The Transcontinental was founded by James Clarence Barclay (1873–before 1929), editor, who with his wife Agnes Fleming Barclay, née Johnstone (1877–1946), were owners and operators of the North Western Star (or North Western Star and Frome Journal) published in Wilmington from 1912 to at least 1916. Agnes Barclay, and perhaps James Barclay, moved to Brisbane, Queensland, where their daughter Dulcie Elma Barclay was crowned "Miss Queensland" by Smith's Weekly in 1926. In 1929, at age 20, she took her own life after being abandoned by her boyfriend. Mrs Barclay was later involved in the death of a man from caustic soda burns received at her home on Hope Street, South Brisbane.

The newspaper was first published on 7 November 1914, and subtitled "The Only Federal Newspaper in the Commonwealth.", reflecting the view that the paper will "work for the development of the north, and for amelioration of the conditions of the workers." From Vol. 1, No.3, the proprietor was John Ernest Edwards (died 1955), previously on the literary staff of The Advertiser and editor was Maurice Henry Hill (died 1957). Lindsay Riches was editor from 1927.

Another newspaper, the North Western Star and Frome Journal (30 August 1912 – 27 July 1917), a sister publication in Wilmington with mirrored content and also run by Barclay, was stopped and replaced by the main publication. In 1945, the newspaper took control of the Quorn Mercury (3 May 1895 – 11 October 1956), and after 1956, it continued by replacing the Quorn column in The Transcontinental.

In 2007, the paper, acquired earlier by Rural Press, was among the stable of publications in a merger between Rural Press and John Fairfax & Sons.
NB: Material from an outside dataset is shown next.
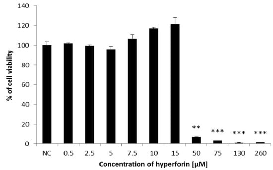 Determination of HF cytotoxic effects towards HepG2 cells using the MTT assay. Data shown are mean ± SD of three repeated experiments. NC = negative control. Comparison with negative control: ** 0.001 < p <0.01; *** p < 0.001.
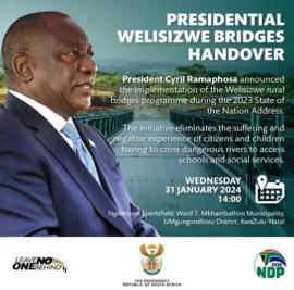 Also on Wednesday, 31 January, President Cyril Ramaphosa will undertake a Presidential Welisizwe Bridges hand over in KwaZulu-Natal.

Papers from Rural Press were then published under the Fairfax Regional Media brand, which later became Australian Community Media. In December 2022 it was sold to the Star News Group.

==Distribution==
Like other SA Today publications, the newspaper is available locally in print and by subscription online.

==Digitisation==
The National Library of Australia has digitised photographic copies of most issues of The Transcontinental from 7 November 1914 (Vol. 1 No.3) to 8 June 1951, which may be accessed via Trove.